What this dot point is asking

Coordinate geometry studies lines and circles using algebra on the $xy$ -plane, and CCEA GCSE Further Mathematics adds the circle to the straight-line work. You must find gradients and equations of lines, use the parallel and perpendicular conditions, compute distances and midpoints, recognise and use the equation of a circle, and find the tangent to a circle at a point. The link between a radius and a tangent is the signature idea of this topic.
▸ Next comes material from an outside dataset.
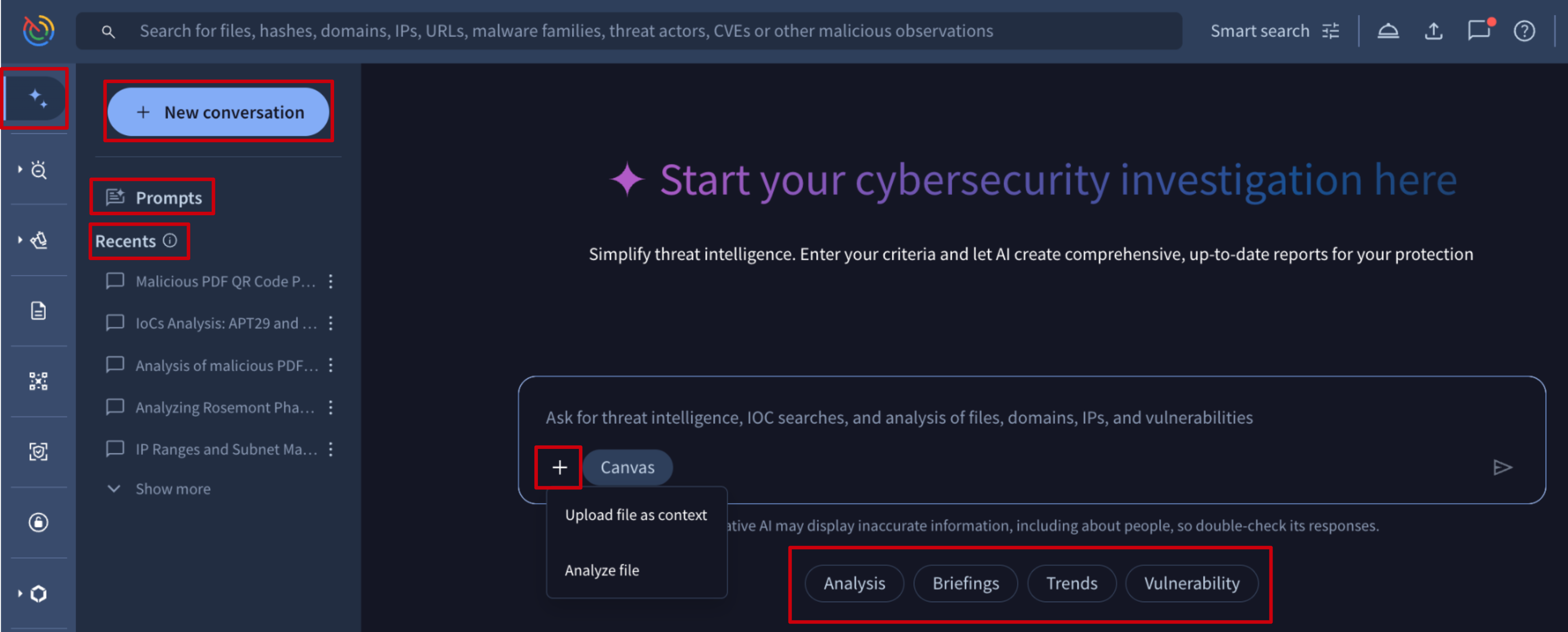 New conversations can be started from several places within the Google Threat Intelligence platform. To access the tool, navigate to the Agentic option in the left menu. Once there, you can begin a new conversation using one the following methods:

Lines, gradients and intercepts

The gradient measures steepness as the change in $y$ over the change in $x$ between two points. Once you know a gradient and a point, the point-gradient form $y - y_1 = m(x - x_1)$ gives the equation directly, which you then tidy into $y = mx + c$ form.

The midpoint of two points is the average of the coordinates, $\left(\tfrac{x_1 + x_2}{2}, \tfrac{y_1 + y_2}{2}\right)$ , and the distance between them comes from Pythagoras applied to the horizontal and vertical gaps.

Parallel and perpendicular lines

Two lines are parallel when their gradients are equal, so they never meet. Two lines are perpendicular when their gradients multiply to $-1$ , which means each gradient is the negative reciprocal of the other.

The equation of a circle

A circle is the set of points a fixed distance (the radius) from a centre. Applying the distance formula gives its equation. Centred at the origin it is $x^2 + y^2 = r^2$ ; centred at $(a, b)$ it is $(x - a)^2 + (y - b)^2 = r^2$ . You read the centre and radius straight from this form, so completing the square is sometimes needed to put a circle into it.

The tangent to a circle

A tangent touches the circle at exactly one point and is perpendicular to the radius drawn to that point. This perpendicular relationship is what lets you find its equation.

Why this matters

Coordinate geometry connects algebra and shape and supports several other topics: the line-and-circle intersection uses the simultaneous-quadratic method from quadratic theory; the perpendicular condition reappears in the tangent and normal work of calculus; and the distance formula relies on surds for exact answers. It also underpins the vector and force geometry of the Mechanics unit, so secure technique here pays off widely.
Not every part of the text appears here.